# Locast integration.



## gregftlaud (Jun 16, 2004)

I read on the tivo website if you have Locast installed and are in a market served--Locast guide info integrates into the tivo stream app guide. I'm not seeing it.


----------



## dbpaddler (Sep 25, 2004)

I know it was there before. I tried using it and found Locast to be utter crap. Did you add it as a source? It just doesn't show up automatically. 

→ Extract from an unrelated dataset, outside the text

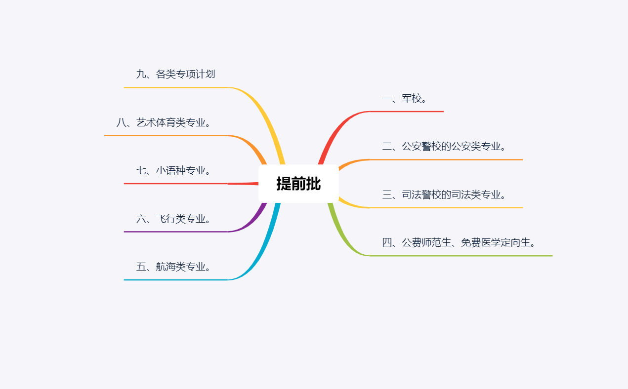 一些知名大学的实验班、“5+3”医学专业。一些被批准在提前批招生的学校。比如北京师范大学、外交学院、上海海关学院、国际关系学院、中国消防救援学院、华东师范大学、东北师范大学等。1.提前批的“特殊性”

Sent from my SM-N981U using Tapatalk


----------



## jay_man2 (Sep 15, 2003)

Good thing my annual eye exam is soon. Locusts seem to have passed here, and I was wondering why anyone would want to "integrate" them.


----------



## gregftlaud (Jun 16, 2004)

Not sure what the reply above means---um--ok

But yes I added it to my services/source


----------



## jay_man2 (Sep 15, 2003)

I misread Locast as Locust.


----------



## SugarBowl (Jan 5, 2007)

gregftlaud said:


> Not sure what the reply above means---um--ok
> 
> But yes I added it to my services/source


Yes, i see the channels integrated into my tivo stream 4k guide.


----------



## gregftlaud (Jun 16, 2004)

SugarBowl said:


> Yes, i see the channels integrated into my tivo stream 4k guide.


Hmm. Not sure what I am doing wrong. I have Locast instgalled and checked under my services in tivo stream. I am in Chicago so I am in one of the markets.


----------



## Foogie (Mar 23, 2021)

gregftlaud said:


> Hmm. Not sure what I am doing wrong. I have Locast instgalled and checked under my services in tivo stream. I am in Chicago so I am in one of the markets.


Did you disable Sling?


----------



## gregftlaud (Jun 16, 2004)

I've tried it with sling disable and enabled.


----------